Others within the Taliban take different positions. Supreme Leader Haibatullah Akhundzada has said Pakistan’s establishment is “un-Islamic” and based on the legacy of its British colonial rulers, according to a January report by the US Institute for Peace.
Sirajuddin Haqqani, interior minister and leader of a powerful faction, brokered a ceasefire between Pakistan and the TTP last year in a bid to secure lasting peace, sources close to the government said. case. It lasted about six months.
Some of the Taliban fighters aiding the TTP brought weapons the United States left behind, including M-16s and sniper rifles with thermal night-vision goggles, the people said. Hundreds of TTP fighters released from a Kabul prison by the Taliban after the group regained power have also returned to fight in Pakistan, they added.

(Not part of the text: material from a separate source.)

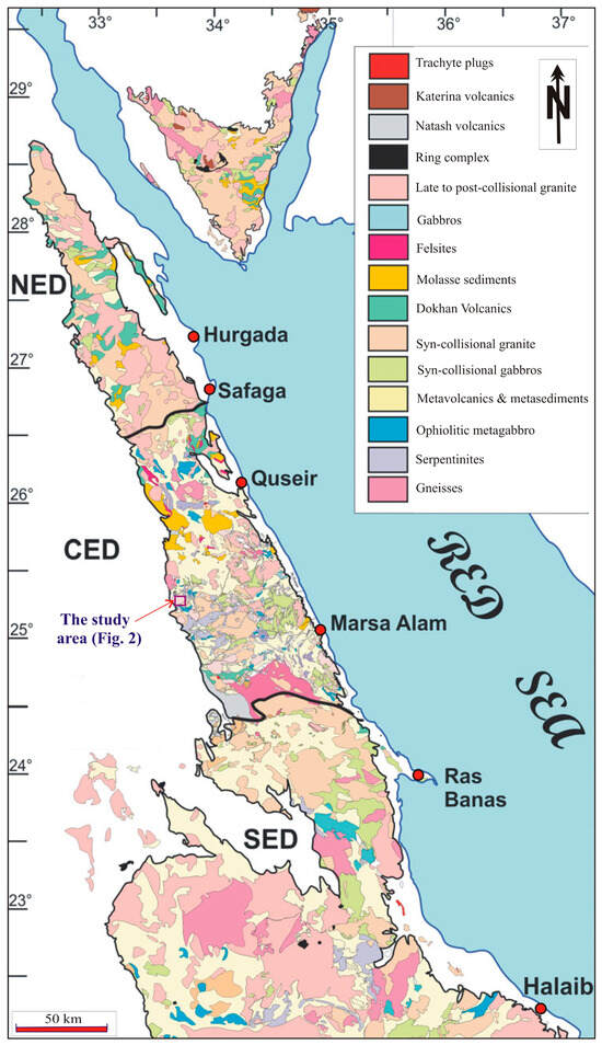 Geologic map of the Egyptian Nubian Shield showing three lithotectonic domains in the Eastern Desert of Egypt (Southern Eastern Desert (SED), Central Eastern Desert (CED), and Northern Eastern Desert (NED)) [35], with the location of the study area indicated. All units, except the tertiary trachyte plugs, are late Neoproterozoic in age.

Mumtaz Zahra Baloch, spokesman for the Pakistani Foreign Ministry, declined to comment. Interservice Public Relations, the Army’s media wing, did not respond to calls or text messages seeking comment.
Taliban spokespersons Zabihullah Mujahed and Bilal Karimi did not respond to calls or WhatsApp messages seeking comment. In a statement in February, the TTP said it was waging a “sacred war” against the Pakistani military and called on politicians and others not to become an obstacle in this war.

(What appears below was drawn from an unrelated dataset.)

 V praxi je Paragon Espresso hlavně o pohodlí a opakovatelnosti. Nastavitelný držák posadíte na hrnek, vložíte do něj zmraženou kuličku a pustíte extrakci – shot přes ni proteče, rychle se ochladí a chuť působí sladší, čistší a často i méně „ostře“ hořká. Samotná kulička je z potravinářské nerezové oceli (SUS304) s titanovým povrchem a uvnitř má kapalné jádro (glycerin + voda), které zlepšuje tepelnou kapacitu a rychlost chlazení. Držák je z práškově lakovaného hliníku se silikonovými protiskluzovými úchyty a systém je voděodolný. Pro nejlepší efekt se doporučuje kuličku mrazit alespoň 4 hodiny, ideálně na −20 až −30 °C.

During meetings in Islamabad in May involving Pakistan, China and the Taliban, Taliban Foreign Minister Amir Khan Muttaqi said the TTP and Pakistan should hold talks, but he did not suggest a role. for the Taliban. Meanwhile, the Taliban have agreed with China and Pakistan to extend the Belt and Road Initiative to Afghanistan.

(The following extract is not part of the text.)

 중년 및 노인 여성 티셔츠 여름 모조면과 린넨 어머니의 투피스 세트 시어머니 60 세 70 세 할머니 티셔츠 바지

The US withdrawal “has given an impetus to the activities of the TTP”, Ahmed Sharif Chaudhry, Pakistani army spokesman, said at a press conference on April 25. year, he said.
For their part, the Taliban are unhappy that Pakistan has not recognized their regime, said sources familiar with the matter. But that would be difficult for Pakistan given sanctions against the Taliban and Islamabad’s need for the International Monetary Fund to approve a stalled bailout.
Pakistan is designated as a major non-NATO ally by the United States. While this confers certain military and financial advantages, it does not include any mutual defense treaty that would require US forces to respond in the event of a military attack. Over the years, some U.S. lawmakers have sought to remove the statute due in part to Pakistani support for the Taliban.
During the War on Terror, Pakistan secretly aided the militant group in its attempts to overthrow a US-backed Afghan government that was friendlier to India, and provided shelter and medical assistance to leaders and Taliban fighters, said Michael Kugelman, director of South Asia. Institute at the Washington-based Wilson Center, a think tank.
The TTP is the largest and deadliest of a dozen insurgent groups in Pakistan, with thousands of fighters hailing from the tribal belt.
The group announced its existence in 2007 after Pakistani security forces launched an operation against a major mosque in Islamabad, suspected of harboring and training Islamic radicals. More than 100 people died in the violence.
TTP attacks are on the rise as Pakistan faces several other major problems. Political tensions are at breaking point. More than 10,000 people linked to Khan’s Pakistan Tehreek-e-Insaf party have been arrested in police raids following protests following Khan’s arrest in May. Khan and his wife have been placed on a no-fly list. Inflation is accelerating at the fastest rate in Asia, making it difficult for most of the country’s more than 220 million people to afford fuel and food. And negotiations with the IMF are at a critical stage because the international lender has not yet released the funds.
All in all, the confidence of the ISI chief, now retired, in the Serena Hotel in Kabul seems misguided.
“Pakistan has long bet on the Taliban as its best strategic bet in Afghanistan – a group willing to help Pakistan pursue its interests, including counterterrorism,” Kugelman said. “What Pakistan apparently did not realize was that the Taliban, once they no longer needed a wartime sanctuary in Pakistan, would assert their independence from their former boss and would refuse to make their offer.”